Ich erinnere mich noch, als anno dazumal sein erstes Buch beschlagnahmt wurde, sogar die Massenmedien berichteten darüber (heutzutage undenkbar). Meine Mutter meinte damals nur lapidar: „Man darf halt keine Namen nennen“. Denn genau dass hat JVH in seinem ersten Buch aufgezeigt: Wer die Fäden in der Hand hält und die Geschicke der Welt lenkt. Stell dir vor, wen das wohl alles angeeckt hat…

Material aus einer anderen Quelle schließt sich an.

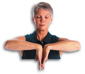 Place the backs of your hands together with fingers pointing down and arms parallel to the floor. Hold for up to one minute.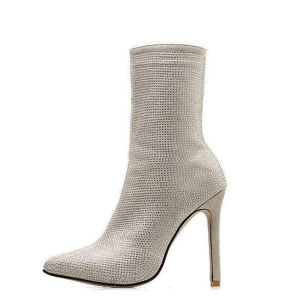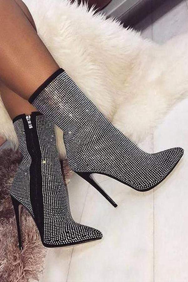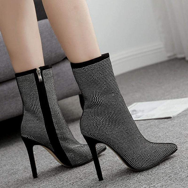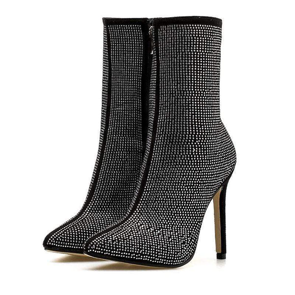 Nya damstövlar Stor storlek spetsiga strass fina superhögklackade stövlar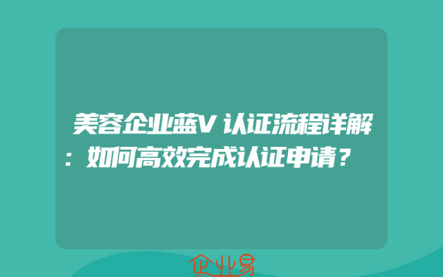 - 美容企业蓝V认证流程详解:如何高效完成认证申请?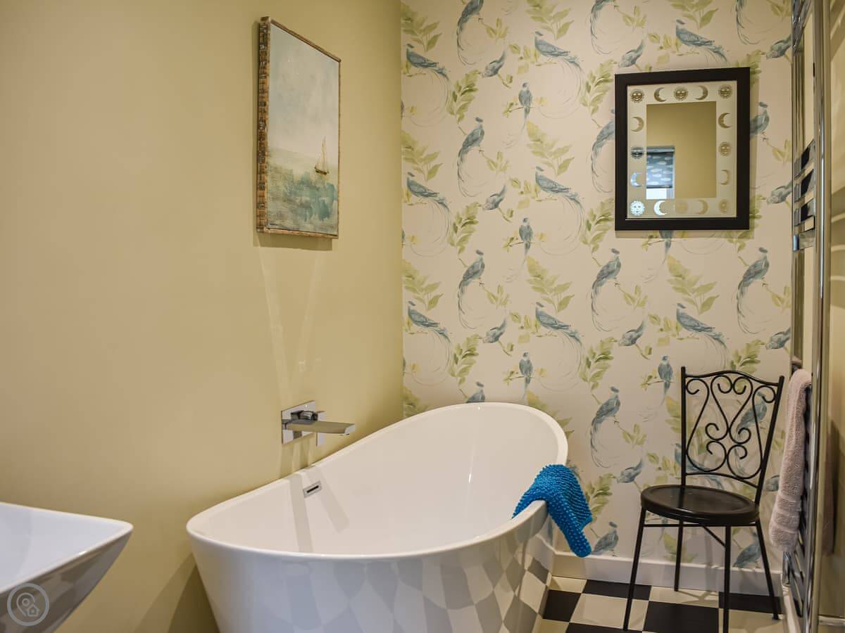 For facilities: there's parking right outside. Washing machine, towels and bedding are included. We've got a cot and highchair if you need them. There's a wood burner for cooler evenings, and bike storage. We're a working farm, so there are animals about. Sorry, no pets.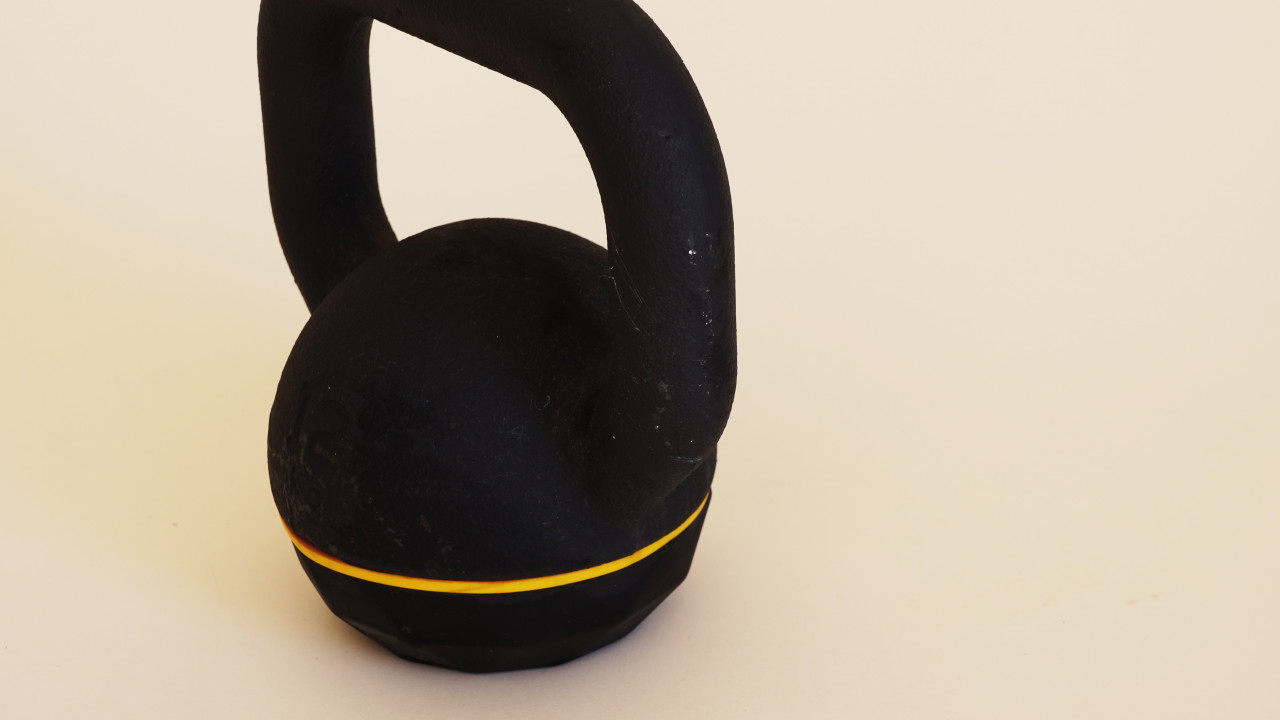 • Black kettle bell with yellow stripe.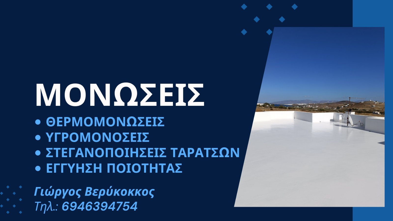 Μονώσεις, θερμοπροσόψεις, θερμομονώσεις, μονώσεις ταρατσών, στεγανοποιήσεις.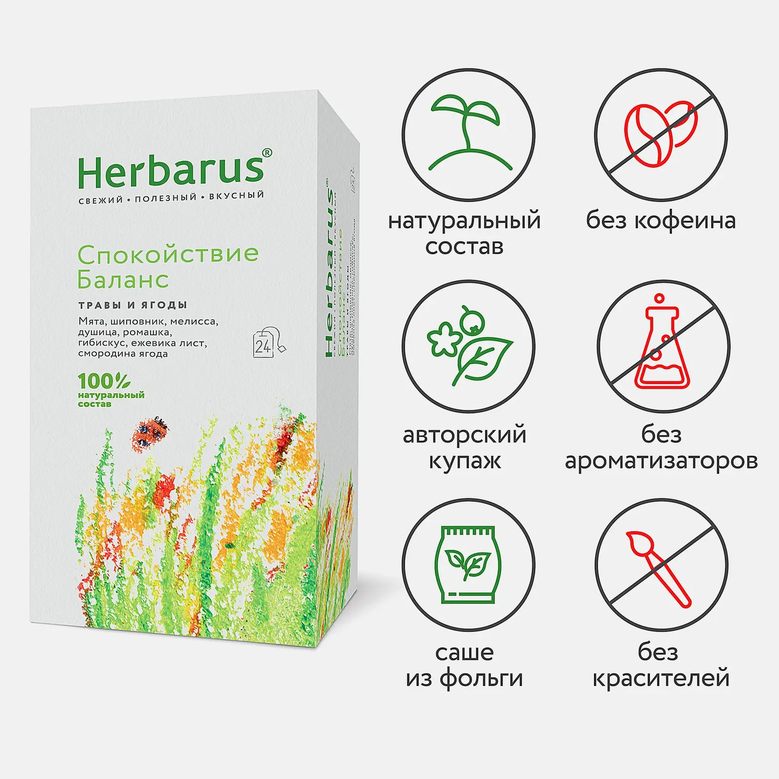 Чайный напиток Herbarus Спокойствие Баланс 24пак — на 100% натуральный продукт, произведенный с учетом всех требований и стандартов ГОСТа. Он имеет приятный освежающий вкус с легкой горчинкой. Чайный напиток содержит цветки ромашки, листья мяты, смородины и мелисы, ягоды ежевики. При регулярном употреблении он успокаивает нервы и улучшает сон, насыщает организм полезными витаминами и микроэлементами, нормализует артериальное давление. Пить его можно в любое время суток. Особенно полезен напиток вечером, после напряженного рабочего дня. Его вкус удачно подчеркнут корица, мед и цукаты. Для удобства чай расфасован в индивидуальные пакетики. Срок годности и условия хранения: 24 месяца, при температуре от 0 до +25 ̊С.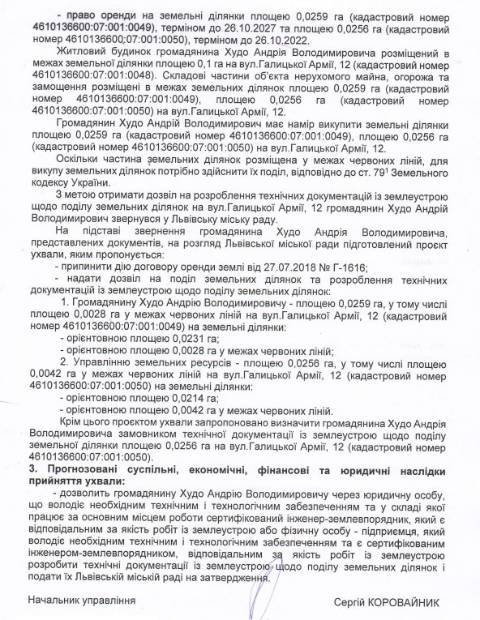 Зараз Худо планує викупити цю земельну ділянку, однак для цього потрібно її поділити.

Es gibt so viele Dinge zwischen Himmel und Hölle die wir einfach nicht sehen und nicht sehen können oder wollen. Der heutige Otto-Normalverbraucher wird mit Werbung zugeballert, muss sich um die neusten Handy-Upgrades kümmern, unterliegt Dogmen der Religion und einer Gesellschaftsstruktur voller Regelungen und Gesetzen. Diesen Personen zu erzählen, dass es da draußen eine ganz andere Realität gibt, ist nahezu unmöglich, so als wenn man einem Fisch zu erklären versucht, was Angeln ist…

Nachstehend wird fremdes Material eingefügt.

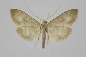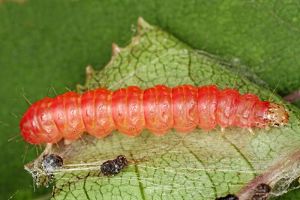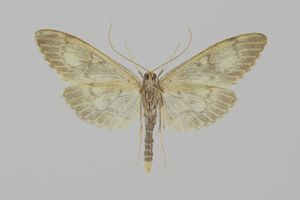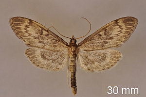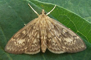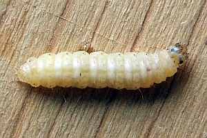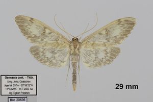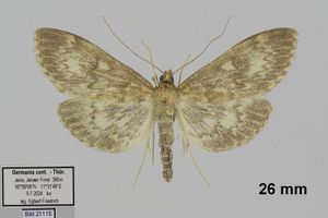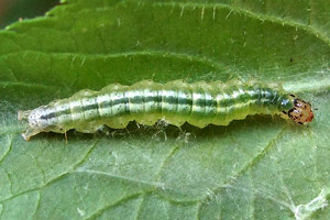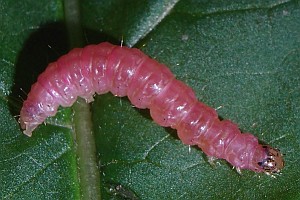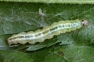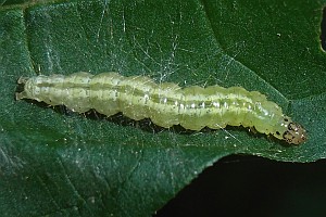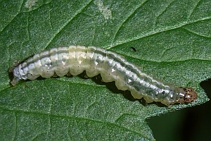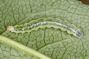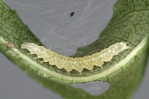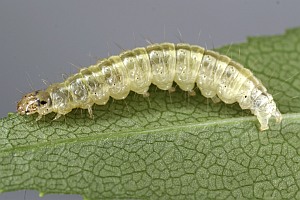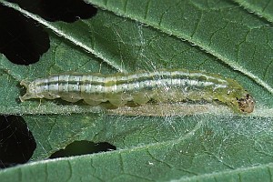 von Heyden (1862: 172-173) konnte entsprechend melden: "Raupe etwas spindelförmig, dick, glatt, mit einzelnen kleinen, ein helles Härchen tragenden Wärzchen besetzt, grünlich weiss mit 3 dunkler grünen Längsstreifen, wovon die an den Seiten am breitesten sind. Kopf herzförmig, glatt, glänzend, gelblich, braun marmorirt, am Hinterrand braun,vor den braunen Fressspitzen ein brauner Punkt. Nackenschild mit dem Körper gleichfarbig, beiderseits drei kleine braune Pünktchen. Afterklappe grün marmorirt. Beine grünlichweiss. Die Raupe lebt bei Frankfurt Mitte October auf Eupatorium cannabinum zwischen röhrenartig zusammen gesponnenen Blättern. Sie überwintert in einem grossen, dünnen, ovalen, flachen, weissen Gespinnste, verpuppt sich im April. Ende Mai erscheint der Zünsler. (Die von Kaltenbach angegebene Farbe der Raupe stimmt nicht mit der hier beschriebenen.) (1829)."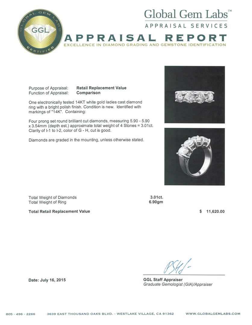 One electronically tested 14KT white gold ladies cast diamond ring with a bright polish finish. Identified with markings of "14K". Condition is new. Containing: Four prong set round brilliant cut diamonds, measuring 5.90 - 5.90 x 3.54mm (depth est.) approximate total weight of 4 Stones = 3.01ct. Clarity: I-1 to I-2. Color: G - H, Cut is Good. Diamonds are graded in the mounting, unless otherwise stated. Total Weight of Diamonds 3.01ct. Total Weight of Ring 6.90 grams. GGL Appraised at $11,620.00.

Natürlich inspiriert diese Thematik auch Musiker, auf dem neuen Album bei „F.T.M.“ (das steht für Follow The Money), „Eye Of The Serpent“ und „Ancient Mystery“ nachzuhören.

Zum Abschluss würde ich gerne unser klassisches Metal1-Spiel mit dir spielen. Es ist eine Art Brainstorming, ich nenne dir ein paar Begriffe und du schreibst spontan und kurz dazu, was dir einfällt.
Akustikversionen von Metal-Klassikern: Ist sicher cool, aber ein Original kann man nicht besser machen.
Steuerabkommen Schweiz – Deutschland: Ich hoffe, dieser Zwischenfall belastet unser Verhältnis nicht zu sehr, wir sind sehr gerne in Deutschland.
Emerald in zehn Jahren: Headliner-Tour?
Metal1.info: Unbedingt regelmäßig Interviews und Reviews lesen!
Bisher das Album des Jahres: „Stalingrad“ von Accept

Vielen Dank für das Interview. Der Abschluss gehört dir – hast du uns noch etwas mitzuteilen?
Vielen Dank an Dich, Marc. An alle Metal Fans: Hört euch unbedingt das aktuelle Emerald-Album „Unleashed“ an und kommt zu unseren Live-Shows!